Katharine Schellman Interview

A 1920s murder mystery with a twist.


Last Call at the Nightingale by Katharine Schellman. Minotaur Books. pp.320. $27.99.


Konstantin Rega: Which part of Virginia did you grow up in?

Katharine Schellman: I was born in the Northern part, in Arlington. Then I went to school in Williamsburg at William & Mary and now live in Charlottesville. Really, Virginia’s been part of my entire life, my world.

Did you always want to be a writer?

I was about 6 years old that I announced to my parents that I wanted to write books. They took it well enough [she laughs]. I wrote off and on for the next two decades. A lot of bad writing happened, but it was really good practice in the end. Writing has always been something that I needed to do.

Before, I used to work as an actor and dancer in the D.C. area, New Jersey, and Philadelphia. It was incredibly fun, but the lifestyle that came with it was not something I wanted to do long term. Writing was something that appealed much more. I don’t miss being at six auditions in three days. But that life influenced my writing. I tend to think of characters very physically in how they move and talk and show emotion.

Where did the idea for Last Call at the Nightingale come from?

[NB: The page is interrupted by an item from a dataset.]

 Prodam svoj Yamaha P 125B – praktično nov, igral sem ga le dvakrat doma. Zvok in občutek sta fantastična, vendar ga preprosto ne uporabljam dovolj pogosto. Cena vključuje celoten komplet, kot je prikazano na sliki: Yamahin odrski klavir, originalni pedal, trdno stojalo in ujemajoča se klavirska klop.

I decided after writing books set in Regency England, I wanted to write something taking place in America. The Jazz Age just seemed like a fun time to write crime fiction. Organized crime didn’t really exist until then. Prohibition made it almost profitable to be a criminal organization. And that seemed like it would give me so much to play with. I sort of had my characters already flesh out, so exploring them led me to the full story.

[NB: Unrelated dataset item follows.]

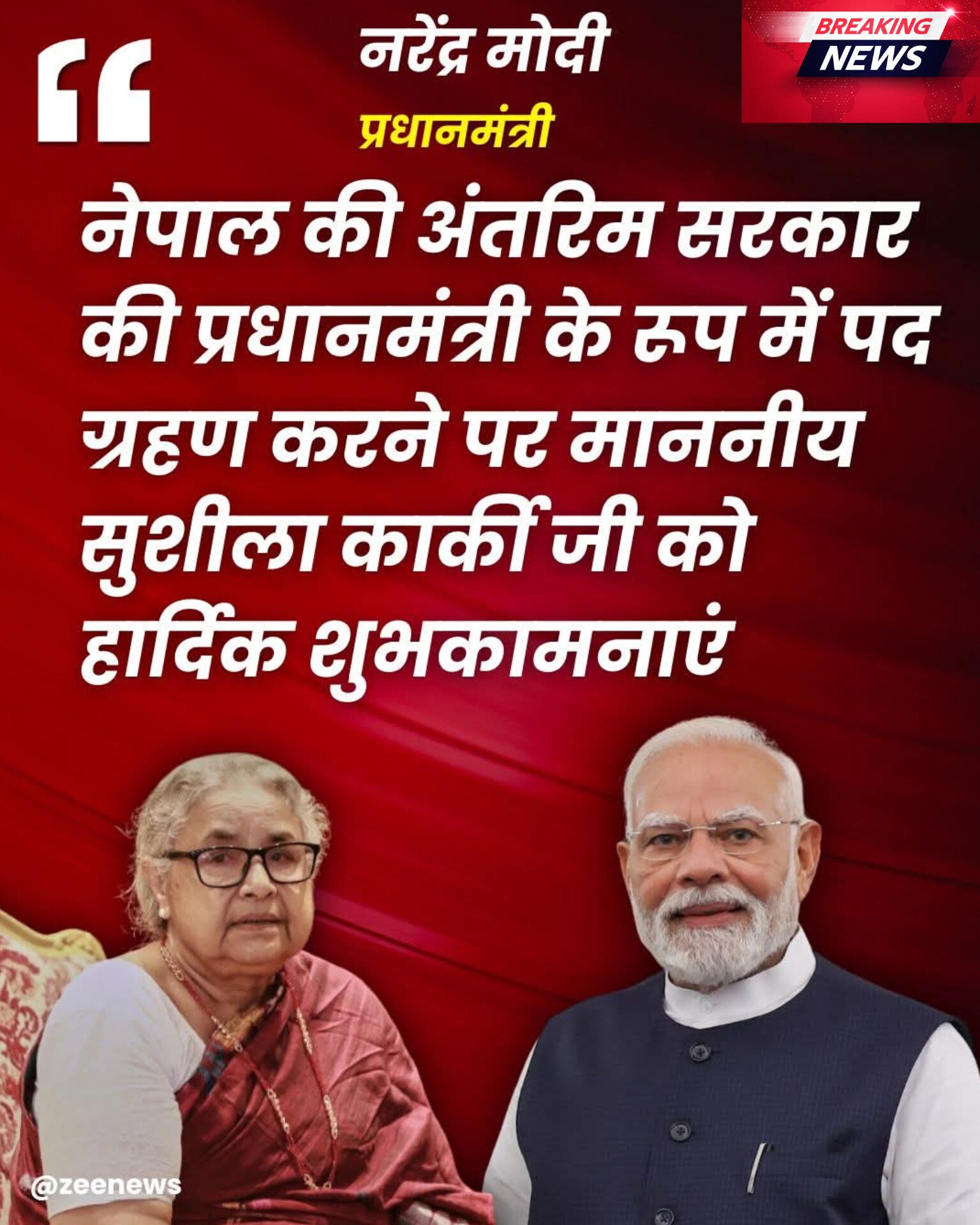 प्रधानमंत्री नरेंद्र मोदी ने नेपाल की अंतरिम प्रधानमंत्री सुशीला कार्की को बधाई दी है. नेपाल में Gen Z के उग्र और हिंसक विरोध-प्रदर्शन के बाद पड़ोसी देश में ओली सरकार के पांव उखड़ गए. प्रधानमंत्री केपी शर्मा ओली को अपनी कुर्सी छोड़नी पड़ी. इसके बाद नेपाल में ऐसे लीडर की तलाश शुरू हो गई जो न केवल युवाओं की पसंद हो, बल्कि टूरिज्म पर आधारित लैंडलॉक्ड देश को पटरी पर लाने में महत्वपूर्ण भूमिका निभा सके. 5000 से ज्यादा लोगों की बैठक में ज्यादातर सदस्यों ने सुशीला कार्की के नाम पर सहमति दर्ज कराई है. बतौर जज अपने कार्यकाल में सुशीला कार्की न सिर्फ भ्रष्टाचार बल्कि आतंकवाद के खिलाफ भी सख्त रुख अपना चुकी हैं. यही वजह है कि वो जेन-जी की पहली पसंद बनीं और 73 साल की उम्र में नेपाल की सियासत का प्रमुख चेहरा बन गईं.

Also, the queer aspect is such an interesting part to it as well. In the 1920s, it wasn’t mainstream, but it was present in a way it hadn’t been previously. Everything was sort of naughty and racy in the nightlife, underground speakeasy world. It would have been very hard to not include that part of that world.

I wanted to have a protagonist that culturally disempowered. Vivian’s young, working class, bi-sexual, an orphan. In a lot of ways, she’s a person who is going to be overlooked by the group of people in power. And that gives the sleuth potential. Anyone who is overlooked can find out a lot of information without anyone realizing that they are snooping.

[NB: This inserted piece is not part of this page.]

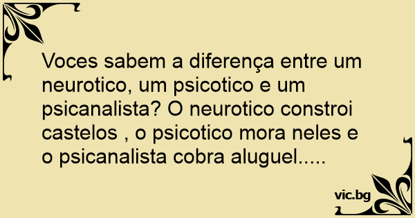 Voces sabem a diferença entre um neurotico, um psicotico e um psicanalista? O neurotico constroi castelos , o psicotico mora neles e o psicanalista cobra aluguel.....

What do you want readers to get out of your novel?

First of all, I hope it’s just a fun read. Mysteries have a well-deserved reputation for being engaging and voyeuristic books. But while you’re reading, you end up absorbing information about the time period, of treatment of different classes, races, people. This isn’t something that I don’t want to hammer readers over the head, but I want all of that to be there as well, mixed in with the fun of putting the murder puzzle pieces together.

So what’s next?

Right now I’m doing edits for the second Nightingale book. It’s been very fun to dive back into that world and the characters. This one really surprised me. I wrote the first book thinking it was going to be a standalone. So thinking about how the characters are going to change and continue to change, was exciting, a struggle, but came together very well.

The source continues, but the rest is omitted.